Published on 13 April 2017 - Updated 16 November 2018

A farming landscape shaped by the water and human toil


Here, the village of Saint-Germain-des-Prés borders the River Loire for three kilometres.
It’s an alluvial plain interspersed with streams and boires, dead branches of the river. In olden times it was peppered with islands which we have reattached to the bank over time. The irrigated ground is well-suited to agriculture and hedges outline the network of this wooded countryside which dominates the agricultural landscape. Along the paths and roads, the avenues of willows, alders and poplars give a pattern to the journey. The land between the River Loire and the village is protected by the Saint-Georges levee, raised between La Possonnière and the Pont de Montjean bridge at the start of the 19th century.
The levee blends with the hills between Saint-Germain-des-Prés and Champtocé-sur-Loire.
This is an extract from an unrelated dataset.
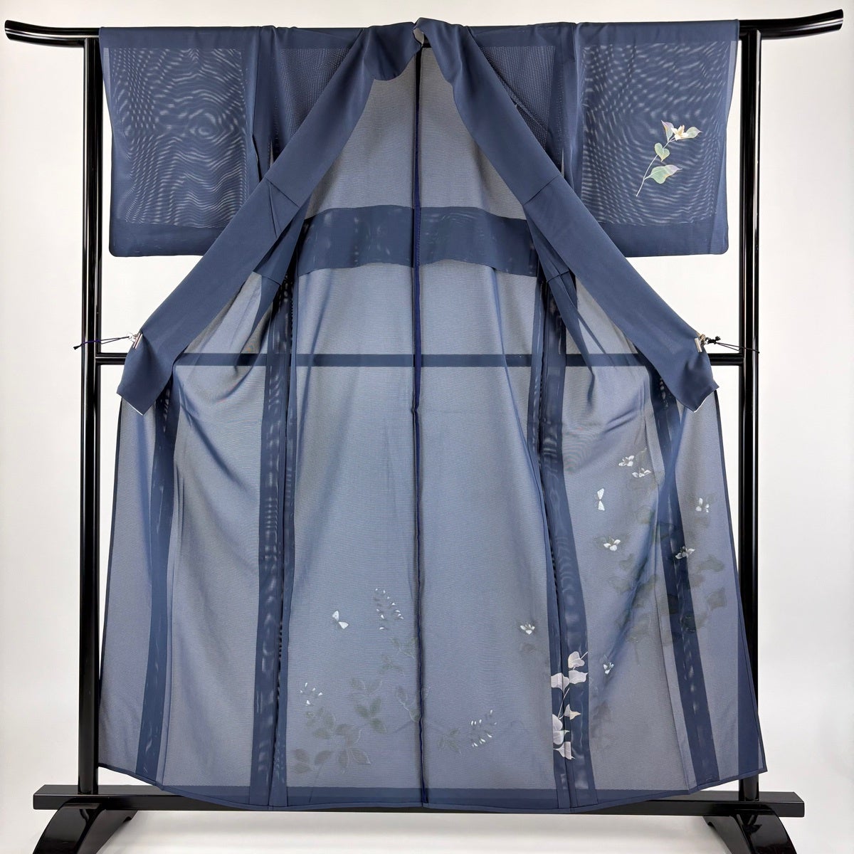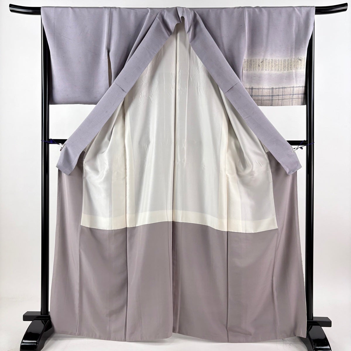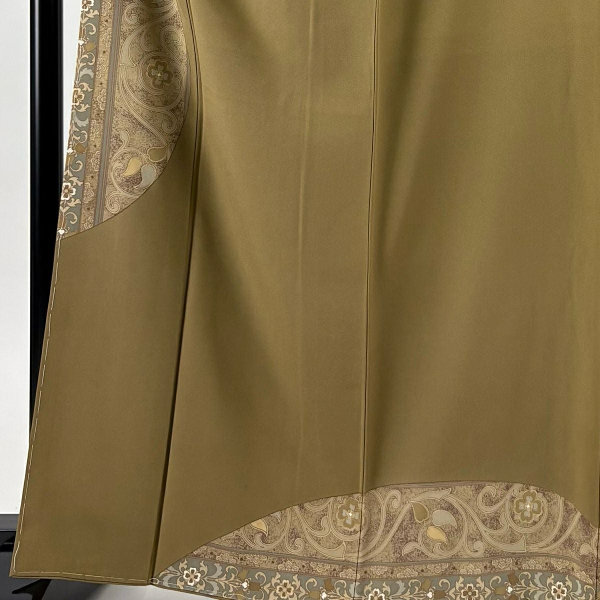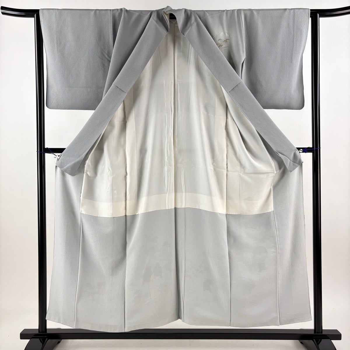 付け下げは訪問着を簡略化した訪問着より格が低くで小紋より格の高いの着物です。 特徴としては仕立て方の違いから訪問着などの一度真っさらな反物を着物の形に仮仕立てした後に柄付けをする絵羽模様とは違い、反物の状態で着用した時に柄付けが全て上を向くように書く事により左右の身頃や肩から袖にかけての模様が繋がっていない事です。 付け下げの歴史は他の着物に比べ浅く、戦時下に華美な訪問着が禁止された事で生まれた着物で、その後訪問着に比べ比較的安価で、それでいて着用シーンも訪問着とほぼ変わらないため大変好評になり、付け下げ訪問着と呼ばれる華やかな柄付けのものも考案された事により普及していきました。

The villages, like Saint-Georges-sur Loire, are located on the wooded hillsides, which demarcate the moist meadows to the north. The meadows and levees are home to scattered dwellings, hamlets and farms, where the rhythms of life are still linked to the River Loire to this day. Let’s listen to Caroline Briand in her work L'archétype ligérien, (the archetype inhabitant of the Loire): “A walk in the Loire Valley can be most varied: following a levee, playing at being a tightrope walker on the breakwaters, carefully venturing over the sandbanks, or quite the opposite; losing yourself in the depths of solitude in the meadows. In every instance, what’s important is to open your senses to your surroundings. In this way you will truly experience sounds, smells, the breeze, everything. Nothing should hold you back from letting the landscape in. Time itself, at the leisurely pace of a stroll, is what will allow you to commune with nature.”